Antonietta Meo nació en Roma el 15 de diciembre de 1930. Muy pronto tuvo que sufrir lo indecible por culpa de un cáncer de huesos especialmente agresivo. No había cumplido 6 años cuando, el 25 de abril de 1936, le es amputada la pierna izquierda.
Con una pierna ortopédica pudo seguir yendo a la escuela, y se preparó con la ilusión propia de todos los niños a la primera comunión. Recibió a Jesús Eucaristía en la Navidad de 1936.
Los tres meses que la prepararon a ese gran día se desarrolló una curiosa aventura espiritual. Antonietta (en casa le llaman Nennolina) pide a su madre, Maria Ravaglioli, que le escriba algunas cartas, cartas dirigidas a Jesús, a Dios Padre, al Espíritu Santo, a la Trinidad, a la Virgen o, a algún santo.

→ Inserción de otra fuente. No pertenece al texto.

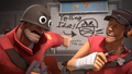 - There is a hidden note inside the textures for the Shocked style, featuring a crudely drawn Soldier yelling, with the caption "Yelling Idiot!". While not visible in-game, it has been used in one of the promotional materials featured on the item's Workshop page.
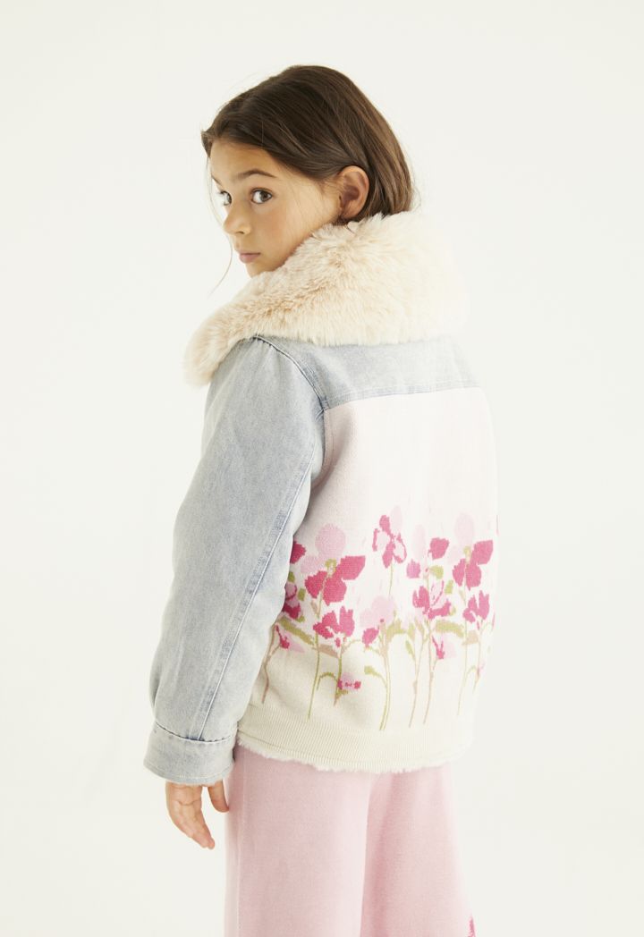 a unique denim jacket that features a faux fur embellished and quilted design.

Su madre se pone a escribir lo que su hija le dicta. Cada noche pone las cartas debajo de una estatua del Niño Jesús, al pie de la cama: así las podrán leer sus destinatarios.
Una niña de seis años escribe a Dios, y le dice cosas tan sencillas y tan familiares como esta:
“Querido Dios Padre: ¡Dios! ¡Padre! ¡Padre...! ¡Qué bonito nombre...! ¡Querido Dios Padre...! Haz que pronto me cure para que este domingo pueda recibir el sacramento de la confesión. Querido Dios Padre: me gusta tanto este nombre, porque quiere decir padre de todo el mundo. Tú que eres el creador... manda el Espíritu Santo sobre todos nosotros. Querido Dios Padre, te quiero muchísimo” (22 de noviembre de 1936).
¿Qué puede sentir Dios al leer estar cartas? No lo sabemos, pero Nennolina hablaba con Él como puede haberlo cualquier niño con el mejor de sus amigos.
El cáncer no perdonaba. Después de recibir la confirmación, el 19 de mayo de 1937, los dolores se hacen más intensos. Antonietta avanza hacia la muerte en medio de una paz profunda y de un amor creciente hacia Jesús. El 12 de junio ingresan a la niña en el hospital, y tienen que extraerle líquido de los pulmones. Sufre mucho, pero no deja de sonreír. El 3 de julio de 1937 susurra sus últimas palabras: “Dios... mamá... papá...”. Y muere con una sonrisa.
Cuando se conoce la existencia de las cartas, hubo un sinfín de peticiones para que fuesen publicadas. Así pudimos descubrir cómo una niña, en medio de su dolor, hablaba con su Padre del cielo, con la ternura y con la confianza propia de quien se sabe amada con locura.
Antonietta, con su normalidad, con sus nervios, con sus caprichos (por los que pide sencillamente perdón en muchas cartas) nos invita a acoger el Reino nuevamente con ojos sencillos, como los niños, y a vivir con la ilusión apostólica que trasluce en sus escritos, siempre llenos de oraciones por quienes no conocen a Dios o viven lejos por culpa del pecado. “De los que son como los niños es el Reino de los cielos...” (cf. Mt 19,14).